Consistent with the way the FDA regulates other products under its jurisdiction, the passage of the legislation will block states from taking action specifically to regulate the structure of any tobacco product that is subject to FDA regulation – except that states are left free to pass any fire-safe cigarette laws.
The FDA tobacco legislation, once fully implemented, will establish a range of new marketing restrictions and other measures that will apply nationwide to complement state tobacco prevention efforts and will provide assistance to states to implement their laws restricting sales to youth.
Expanded State Authority to Restrict Cigarette Advertising and Promotion. For many years, the Federal Cigarette Labeling and Advertising Act (FCLAA) has preempted states from taking any action, for health purposes, to restrict cigarette advertising or promotion. The passage of the FDA bill changes that by newly allowing states to restrict or regulate the time, place and manner (but not the content) of any cigarette advertising or promotions.
Among other things, states may now for the first time, to the extent permitted under the First Amendment, take action to do such things as:
• Supplement the new FDA requirement that all retail ads for cigarettes and smokeless consist only of black text on white background by applying the same restrictions to cigar and other tobacco product ads;
• Restrict or eliminate “power walls” of cigarettes being offered for sale at retail outlets (which will be the only remaining presentation of cigarette brand logos, labels and colors in retail outlets after the FDA black-text-on-white-background restriction goes into effect);
• Limit the number or size of tobacco product ads at retail outlets; or
• Require that all tobacco products or tobacco product ads be kept away from cash registers in order to reduce impulse purchases by smokers trying to quit.
As noted above, the states will still have to comply with First Amendment protections for commercial speech.

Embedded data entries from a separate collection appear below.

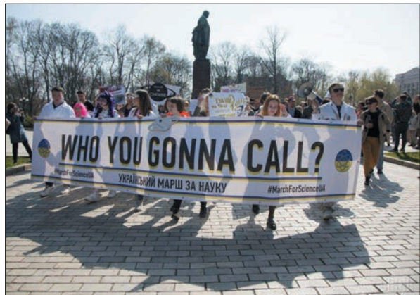
Український марш за науку. 14 квітня 2018 р.

вом «оперативно» мається на увазі не через кілька днів чи тижнів, а відразу, протягом лічених годин після її появи.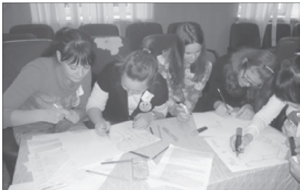
Так рождаются школьные плакаты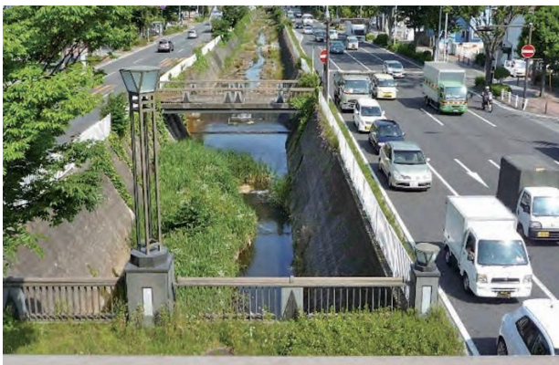
▲環状2号線と並走する上流部

中流部には平戸永谷川遊水地があり、洪水時に水を貯めるほかに、平常時は野球などができるグラウンドとして活用されています。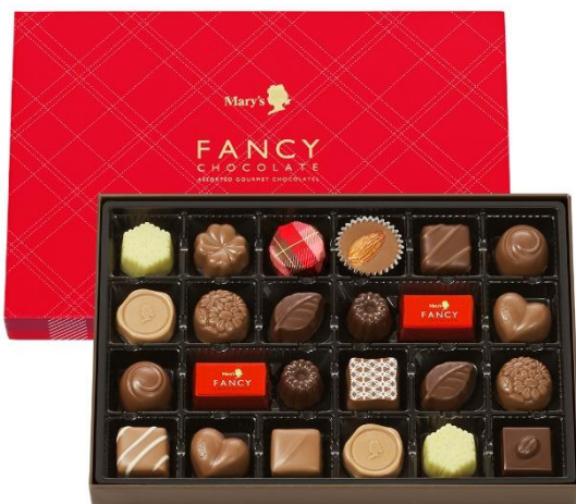
ファンシーチョコレート 24個入

この総選挙は、ファンの皆様が「推し」を表明する機会でありながら、推しチョコレート以外の良さにも気づいていただける企画であり、ひと粒ひと粒の個性を知ることにより、グループとしてのファンシーチョコレートの魅力をさらに感じていただけることを願い企画しました。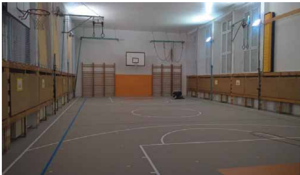
Zrekonstruovaná podlaha ve školní tělocvičně

na tom, že je třeba oproti I. etapě kanalizace v letech 2002 – 2005 zajistit, aby se všichni majitelé napojovaných nemovitostí v 2. etapě kanalizace podíleli na úhradě nákladů za připojení na kanalizaci, a tím se zabrání nerovnosti v přístupu ke stejné službě. Dále zastupitelstvo schválilo inventarizaci majetku obce za rok 2015, vyřazeno bylo 26 položek starého a nepoužitelného majetku v celkové účetní (nikoliv reálné) hodnotě cca 130 tis. Kč. Dále projednávalo záměr společnosti GEOSAN ohledně přípravy parcelizace pozemku č. 600/2 pro cca 130 rodinných domů směrem na Volárnu viz obrázky níže, bližší informace lze nalézt na webu obce www.velky-osek.cz v pravém sloupci. Součástí jednání byla rovněž prezentace s podrobnostmi o jednotlivých projektech a záměrech, mj. rekonstrukce Dělnického domu, k níž je rovněž vyvěšena studie na webu obce.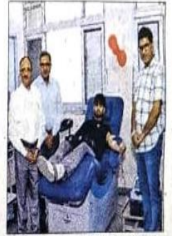
जीएमसीएच-32 में आयोजित शिविर में रक्तदान करता युवक।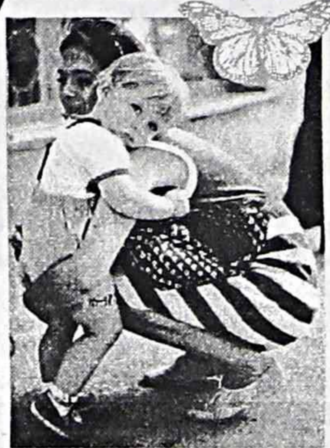
кой: - Машина по голове ездила!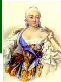
Елизавета Петровна 1741-1761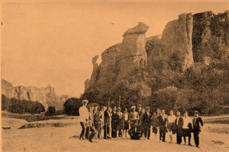
Дефилето — при „Дервиша“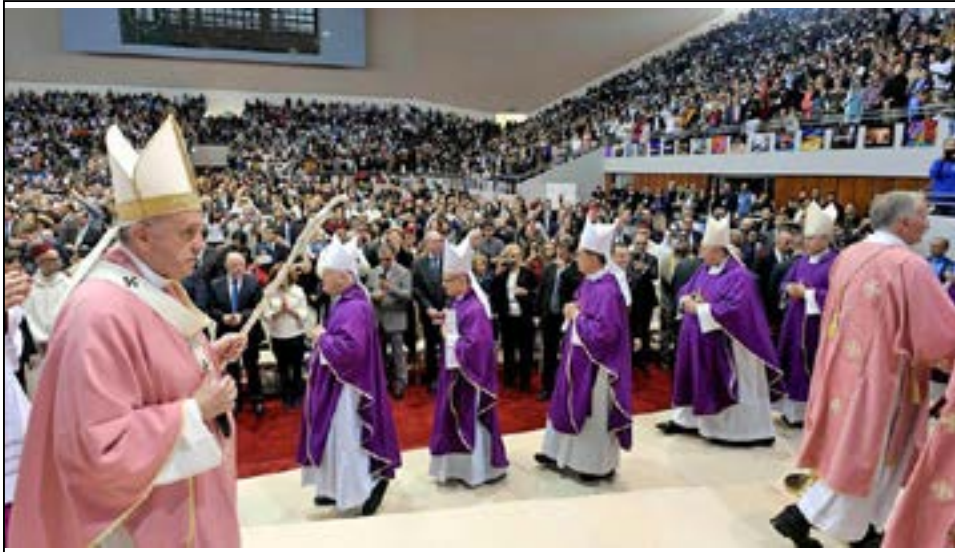
ပုပ်ရဟန်းမင်းကြီး ဖရန်စစ် သည် အစ္စလာမ် ဘာသာဝင် အများစုနေထိုင်သော မော်ရိုကို နိုင်ငံသို့ ၂၀၁၉ ခုနှစ် မတ်လ ၃၀၊ ၃၁ နှစ်ရက်တာ သွားရောက်ခဲ့သည်။ ပုပ် ရဟန်းမင်းကြီး၏ ခရီးစဉ်ကို တနင်္ဂနွေနေ့တွင် ဘာသာဝင်ဦးရေ တစ်သောင်းခန့် ပါဝင်တက်ရောက်သော မစ္စားပူဇော်ခြင်းဖြင့် အဆုံး သတ်ခဲ့သည်။ (စာမျက်နှာ ၆)

This requires creating a strong legislative history and a substantial evidentiary record that shows that the restrictions address a form of marketing that is of legitimate government concern and that the regulation will directly advance the substantial government interest of preventing youth tobacco use, reducing adult tobacco use or otherwise protecting and promoting public health. It is also necessary to show that the regulations will leave tobacco companies still reasonably able to communicate truthful information to their legal adult customers; and are reasonably related to the government interests they seek to address.

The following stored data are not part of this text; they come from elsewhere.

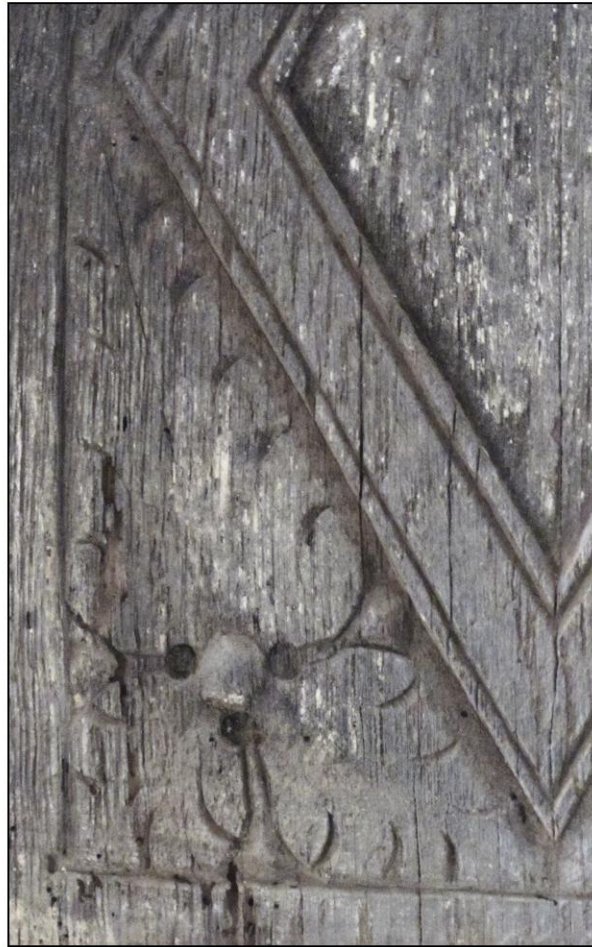
Fig. 3.2. Ecoinçon à fleur stylisée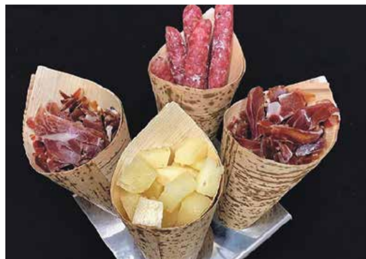
Els preparats de la botiga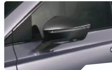
כסוף מטאלי L5L5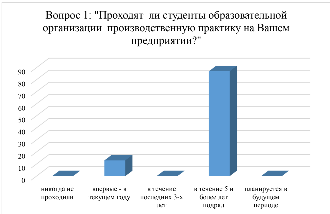
Рисунок 1 – Диаграмма результатов ответа выпускников на вопрос №1 анкеты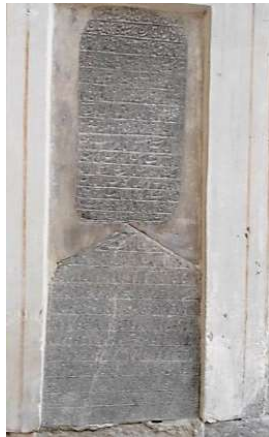
تصویر ۸. کتیبه‌های مربوط به فرمان شاه عباس اول صفوی، کتیبه‌های ۶ و ۷ که روی هم قرار گرفته‌اند، به تاریخ ۹۹۹ و ۱۰۲۲ هـ.ق (نگارندگان).

جدول ۹. ویژگی‌های تاریخی، ساختاری و نوشتاری کتیبه ۹.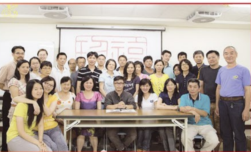
鹿港天后宮文化工藝研習班第三期結業，同學與老師大合照。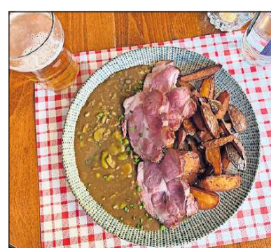
Judd mat Gaardebounen, hier leider mit Wedges, dazu schmeckt ein Boferdinger Bier.

No Impact on the Forms of State Tobacco Control Activity that States have Traditionally Exercised. With the passage of the FDA tobacco legislation, state and local governments remain free to pursue those key policies – such as smoke-free laws, restrictions on sales to youth and other sales restrictions, tobacco tax increases, increased tobacco prevention program funding, and enhanced access to tobacco cessation services – that states have used to prevent and reduce tobacco use. More broadly, the FDA legislation also does nothing to restrict states from adopting and enforcing measures to restrict youth or adult access to tobacco products or to do anything else to regulate or restrict the sale, distribution, and possession of tobacco products. The legislation leaves the states free to prohibit the sale of cigarettes or any other tobacco products, either totally, to persons of any age, to change the age of sale or to restrict sales to just at certain specified locations (e.g., by prohibiting sales at pharmacies or other health facilities, or at college campuses or any other locations frequented by youth).
Limits on State Regulation of the Tobacco Products Themselves. As with the laws giving FDA authority to regulate other products, the passage of the FDA tobacco legislation will provide FDA with exclusive authority in such areas as establishing tobacco product standards, prohibiting adulterated or misbranded tobacco products, establishing labeling requirements, implementing and enforcing manufacturing standards, and regulating modified risk tobacco products. These provisions remove state authority in these areas for products for which FDA jurisdiction has been asserted under the Act – in order to provide for consistent national standards. But the bill does expressly allow states to continue to pass and enforce state “fire-safe” cigarette laws; and the states are left free to impose additional reporting requirements (including ingredient disclosures) on tobacco product manufacturers if there is any information FDA was not getting or not sharing that the states consider useful to have.
The authority of the FDA to regulate the product itself is one of the most important provisions of the bill because it gives the agency the authority to do such things as require changes to existing or new products to make them less harmful or less addictive. Because such product regulation is complex and requires considerable oversight and testing expertise and capacity, the states have not regulated the content of tobacco products (beyond “fire-safe” cigarette laws and bans on flavored cigarettes).